This is a repository consisting of the scripts working as analysis tools based on Machine Learning for neuroimaging data. It's for academic purpose only.
- Change the path in the instance of Logger class to output results;
- Check the datasets.py for filename and label name or add new ones;
- Change the FILENAME and the self.X attribute in the instance of Data class in main.py to use different datasets, or even concatenate ones;
- Change the model class to instantiate to use different model.
- A new datasets module for data and label manipulation.
- Used fancy indexing to select data;
- Output indices as list for reuse.
- Added regression models;
- Plotted correlations between regression predictions and original y;
- Classification can now output feature weight vectors.
- Defined a Data class, its attributes include data name, feature matrix, label vector and list of features, its methods consists of preprocessing and split;
- Used ROC curve as one of the performance metrics;
- Defined model classes, their attributes include model instance, model name and grid search parameter settings.

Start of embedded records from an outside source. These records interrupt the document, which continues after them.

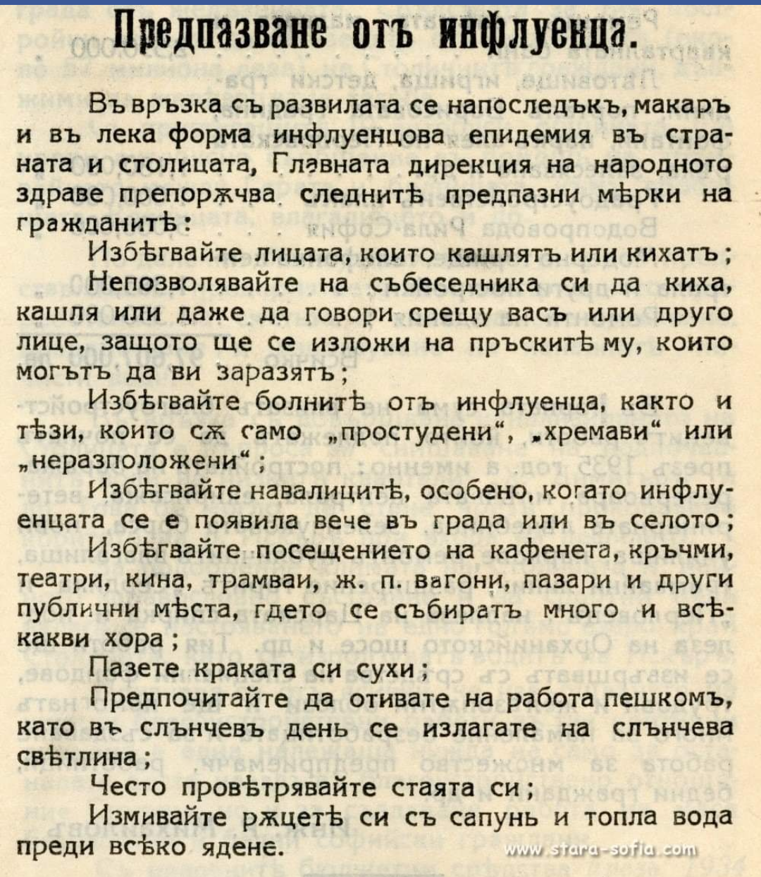 Ето какви са били препоръките на здравните власти преди 100 години:
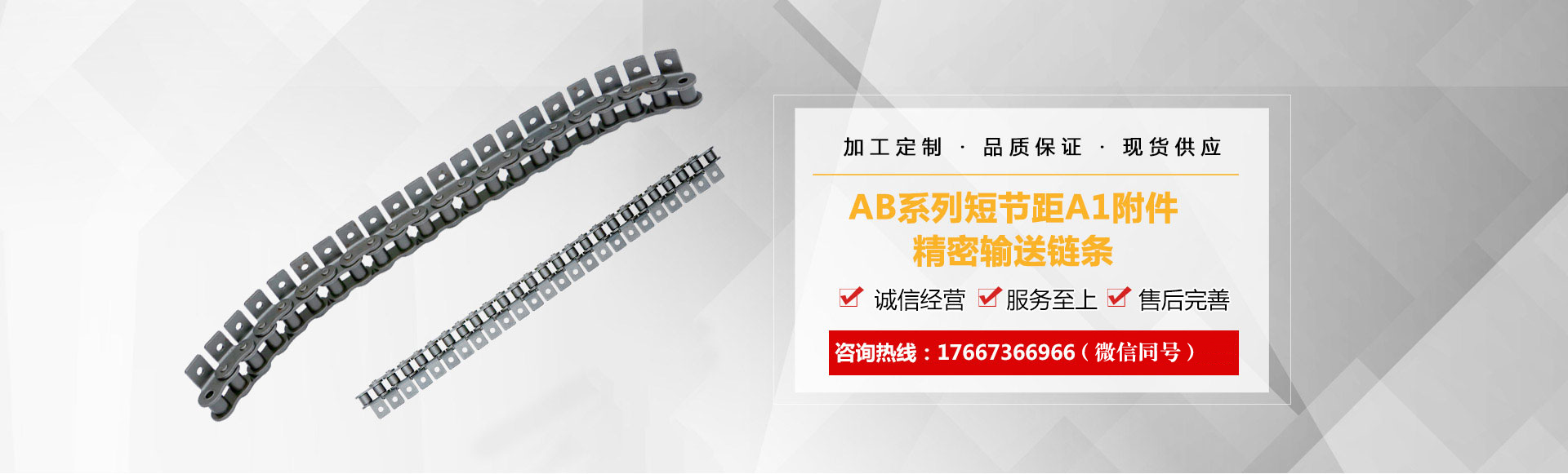 1、鏈條產(chǎn)品有各種不銹鋼、碳鋼輸送鏈條、雙節(jié)距輸送鏈條、空心銷軸鏈條、不銹鋼塑料平頂鏈、不銹鋼精密滾子鏈、特殊工礦輸送鏈、耐高溫輸送鏈條、非標(biāo)鏈條、彎板非標(biāo)鏈條、大節(jié)距輸送鏈條、各種鏈條用滾子(材質(zhì)碳鋼、不銹鋼)等。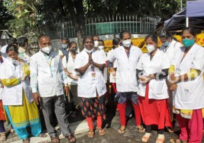 Photo Caption : Contract nurses protesting near CM Home office, Kumara Krupa road, demanding for permanent jobs, in Bengaluru on Thursday 3rd September 2020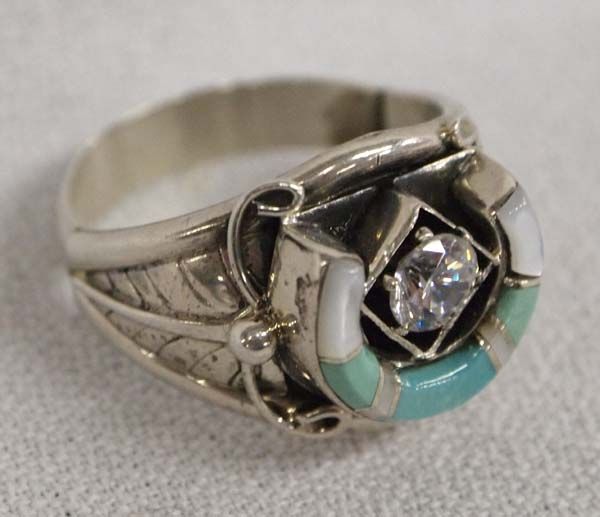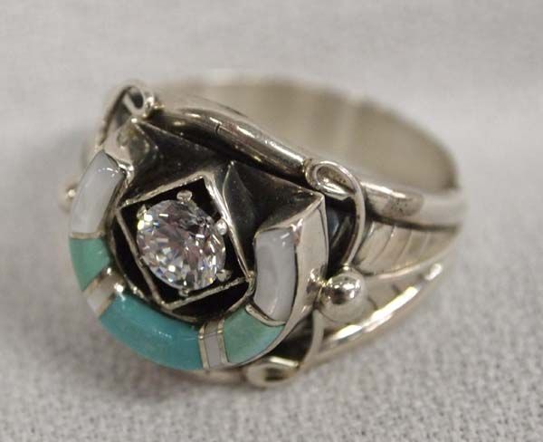 Navajo Turquoise CZ Ring by Wilbur Yazzie, Size 9, measures .5''L, hallmarked Wil and stamped sterling, 5g in total wt. Stunning piece!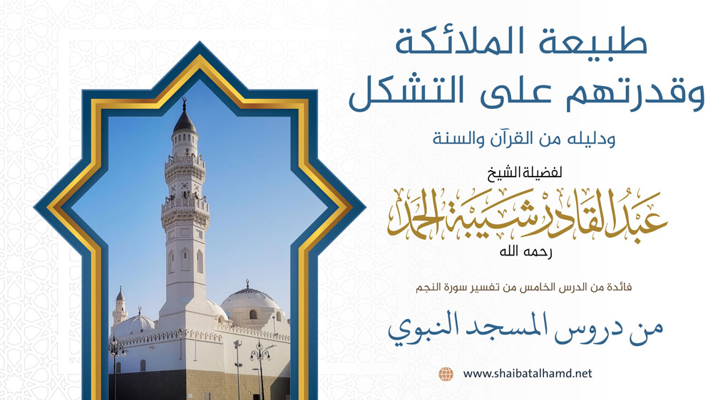 فائدة من الدرس الخامس من دروس تفسير سورة النجم والتي ألقيت في المسجد النبوي الشريف حول طبيعة الملائكة وقدرتهم على التشكل بالأشكال الجميلة ودليله من القرآن والسنة.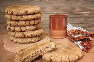 Поставить опару из тёплого молока, размешанного с дрожжами, и ½ нормы ржаной муки. Дать подняться, прибавить тёплое масло, соль, яйца и оставшуюся ржаную муку. Замесить тесто, дать вторично подняться, тонко раскатать. Вырезать лепёшечки, положить на лист, смазанный маслом и посыпанный мукой, наколоть вилкой, смазать маслом, посыпать тмином. Выпекать в духовке до готовности.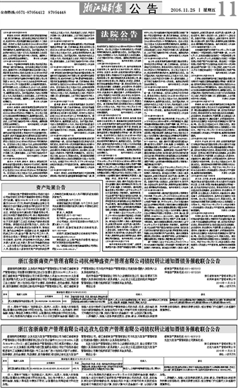 第一次债权人会议于2016年12月29日上午9时00分在温州市瓯海区人民法院第十一审判庭召开,请各债权人准时参加。参加会议的债权人系法人或其他组织的,应提交营业执照、法定代表人或负责人身份证明书,债权人系自然人的,应提交个人身份证明。如委托代理人出席会议,应提交委托书、委托代理人的身份证件,委托代理人是律师的应提交律师执业证、律师事务所的指派函。温州市瓯海区人民法院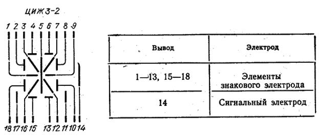 Рисунок 5.6 – Обозначение выводов жидкокристаллического индикатора ЦИЖ3-2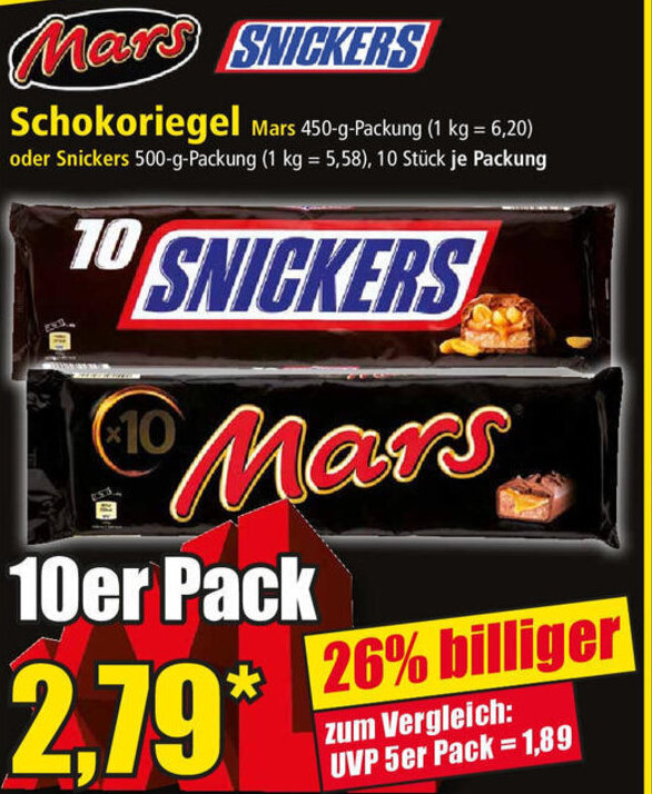 Mars/Snickers Schokoriegel 10er Pack Angebot bei Norma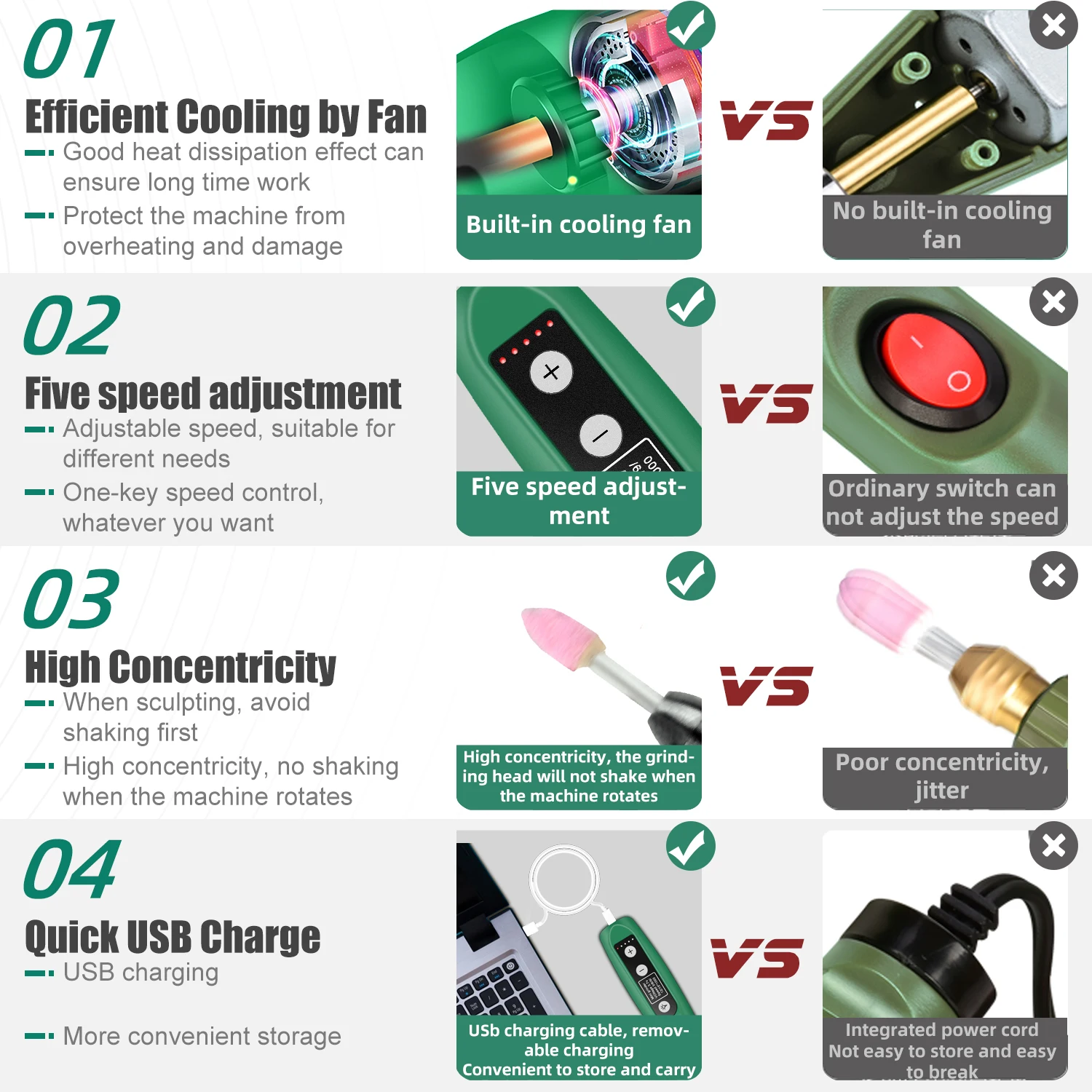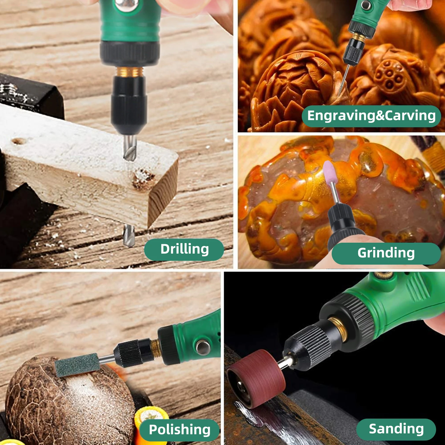 1. Идеальная шлифовальная машина-идеальная электрическая шлифовальная машина для резки, гравировки, фрезерования, шлифования, полировки, удаления и сверления. Набор гравировки шлифовальной машины необходим для самостоятельной резьбы и шлифования.2. Подходит для Нефритового агата, ядерной резьбы, резьбы по дереву, шлифовки алюминиевой пластины, тонкой медной доски, пластиковой доски, ДСП, печатной платы, эпоксидной доски.3. Прочный и надежный-небольшого объема, светильник вес, легко взять с собой, удобная рукоятка из биметаллического, лучше контролировать предлагает при бурении, удобно в использовании.Для безопасного использования:1. Когда вы закончите использование устройства, выключите двигатель и убедитесь, что все движущиеся части полностью остановились.2. Прежде чем использовать дополнительные аксессуары, не включенные в этот набор, всегда сравнивайте максимально допустимые RPM этого конкретного аксессуара с RPM этого инструмента.3. В чехол o электрические или механические неисправности, немедленно выключите инструмент.4. Не активируйте переключатель при смене аксессуаров.5. Никогда не используйте замок вала, когда плата работает.6. Убедитесь, что размер цанги соответствует размеру вала аксессуара.7. Храните инструмент в местах, где температура не будет превышать 50 градусов Цельсия.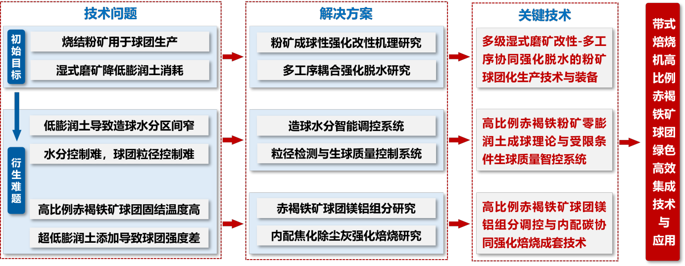 针对上述问题,中天钢铁集团(南通)有限公司联合安徽工业大学、北京科技大学和中冶长天国际工程有限责任公司,在国家自然科学基金面上项目、安徽省杰青项目以及多项校企产学研项目的持续支持下,系统解析赤褐铁粉矿球团化技术实施问题及其原因,连续开展了三大关键技术攻关:“多级湿式磨矿改性-多工序协同强化脱水的粉矿球团化生产技术与装备”、“高比例赤褐铁粉矿零膨润土成球理论与受限条件生球质量智控系统”及“高比例赤褐铁矿球团镁铝组分调控与内配碳协同强化焙烧成套技术”。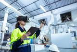 Modern Factory Innovation Technology in Industry, Technician using VR Virtual Reality Headset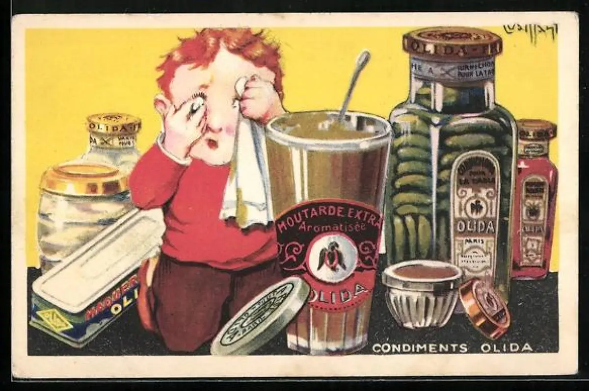 Künstler-AK Condiments Olida, Reklame, Kind zwischen verschiedenen Konserven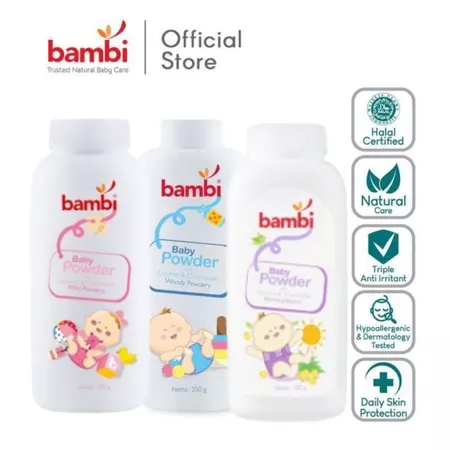 Bambi Baby Powder 250gr | Bedak Bayi Tabur Kulit Normal - Sensitif
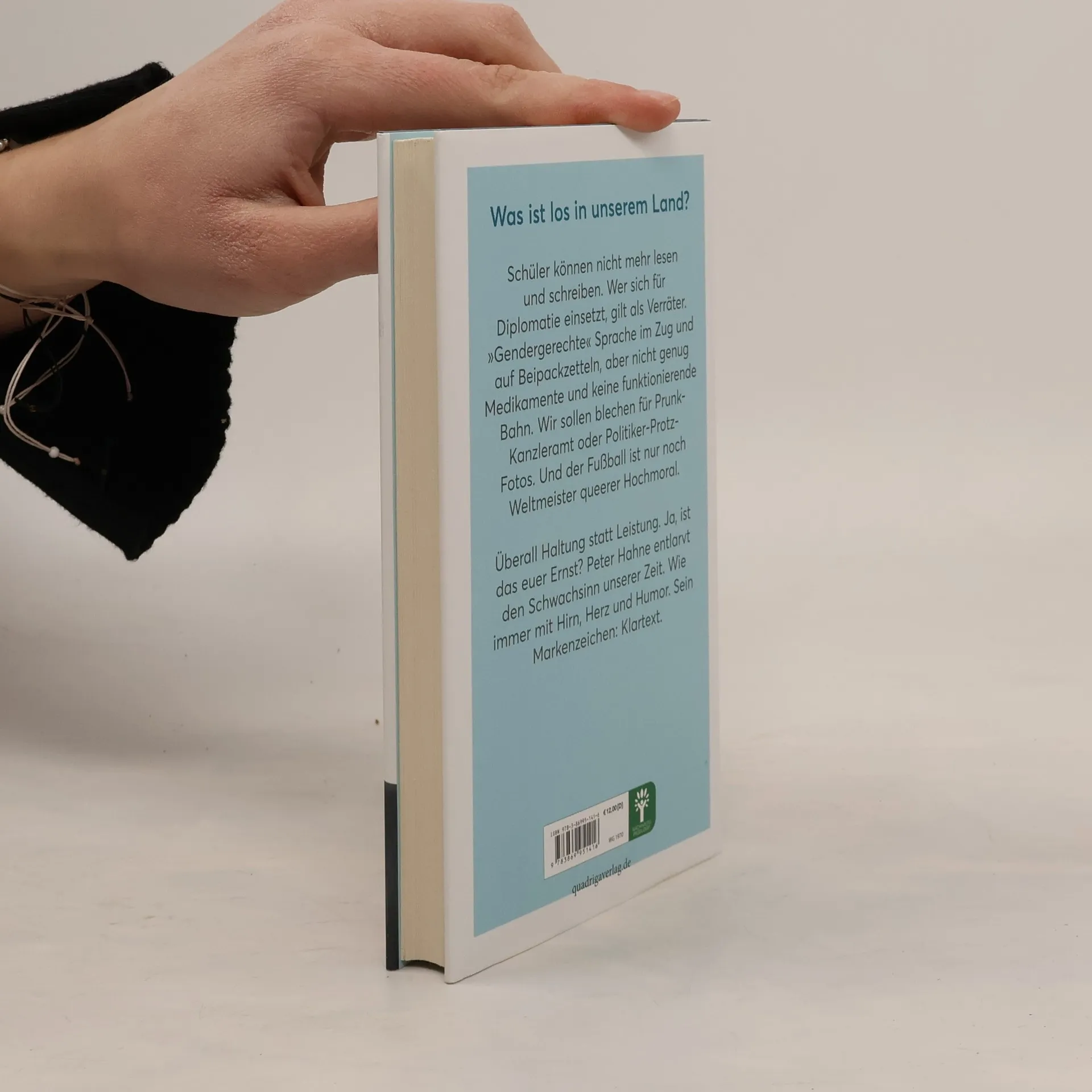 Was ist los in unserem Land? Schüler können nicht mehr lesen und schreiben. Wer sich für Diplomatie einsetzt, gilt als Verräter. »Gendergerechte« Sprache im Zug und auf Beipackzetteln, aber nicht genug Medikamente und keine funktionierende Bahn. Wir sollen blechen für Prunk-Kanzleramt oder Politiker-Protz-Fotos. »Corona« bleibt unaufgeklärt. Warnhinweise für »Otto« oder »Harald Schmidt«, als wäre das Volk blöd. Und der Fußball ist nur noch Weltmeister queerer Hochmoral. Überall Haltung statt Leistung. Ja, ist das euer Ernst? Peter Hahne entlarvt den Schwachsinn. Wie immer mit Hirn, Herz und Humor. Sein Markenzeichen: Klartext.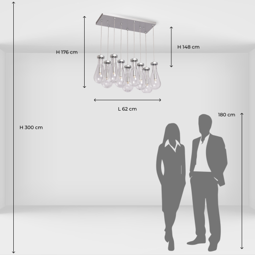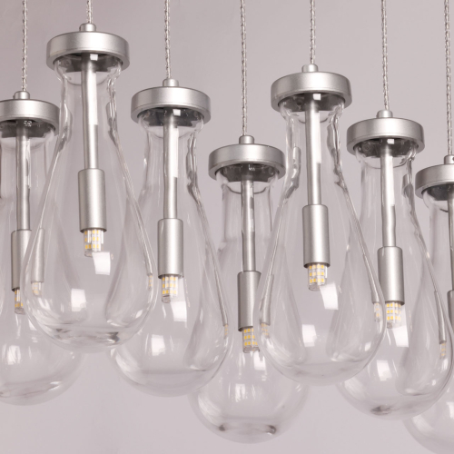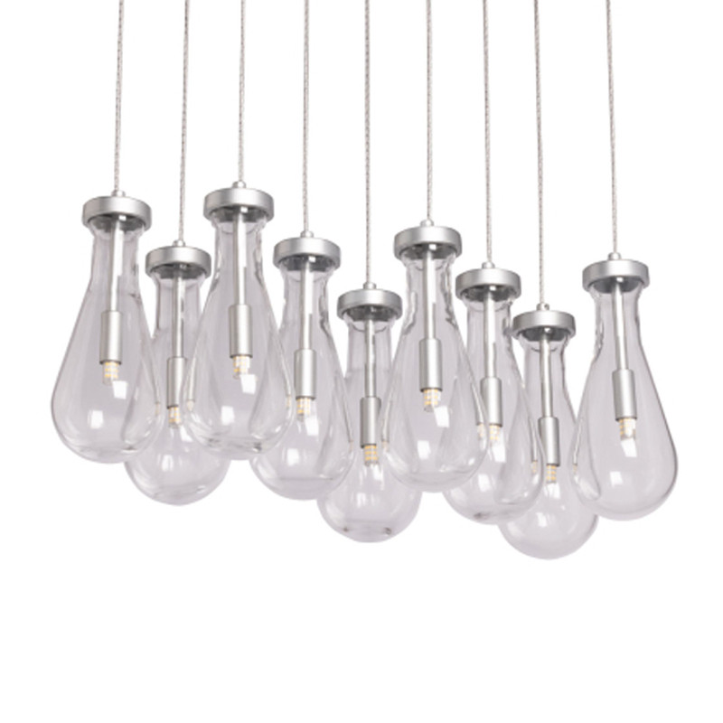 Люстра с 9-ю прозрачными плафонами из стекла в форме капли на прямоугольном потолочном основании цвета хром Lucid Rain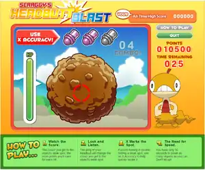 Scraggy's Headbutt Blast was an online game with the goal to smash as many watermelons, ice blocks, and rocks as possible in a time limit of 30 seconds. Hitting an object's "weak spot" always destroyed it in one hit and also awarded significantly more points than hitting it anywhere else. The ping that the Headbutt produced changes, and the points awarded increased as headbutts came closer to the weak spot. Using an X Accuracy revealed the location of the object's weak spot, but players could only use up to 3 of these items in a single game. On the first three levels, the location of the object's weak spot was automatically revealed, and it became impossible to use an X Accuracy. Every object had a visible HP bar along the left side. HP was taken away with each Headbutt that players make, which eventually caused the object to be smashed and quickly replaced with another one. Combos were achieved when objects were broken roughly within 3 or 4 seconds of each other, allowing players to earn a higher final score.
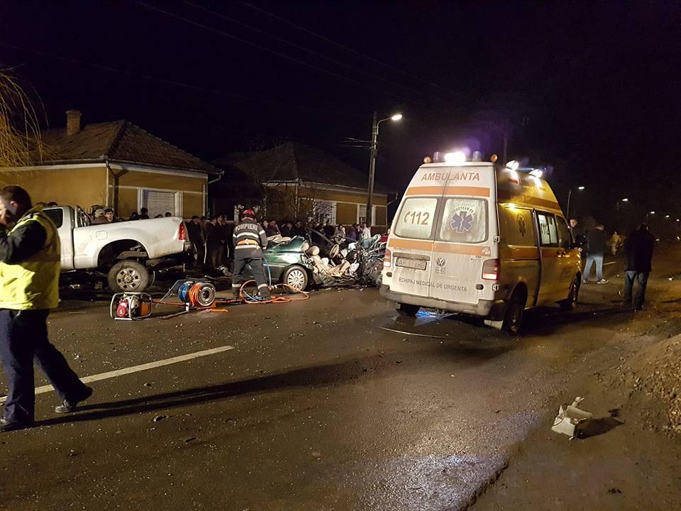 IMAGINI TERIBILE de la un accident rutier, în Arad: 2 tineri morți, 6 răniți grav, după ciocnirea frontală a două mașini

- Feature selection methods, e.g. f-score, are not completely done;
- ROC curves of different models are not plotted on a single figure.
- Separated data_acquisition and model_optimization from the original file;
- Used the label vectors from info.csv, avoiding creating too many datasets;
- Used plt.savefig to save figures generated.
- Still no new preprocessing method used;
- A file-to-file IO model remains to be figured out.
- Completed the integrated_rgs_model, with neg_mean_absolute_error as performance metric. Relevance vector regression (RVR) remains to be configured;
- Run on different datasets with 345 subjects;
- Run on concatenated features to obtain higher accuracy.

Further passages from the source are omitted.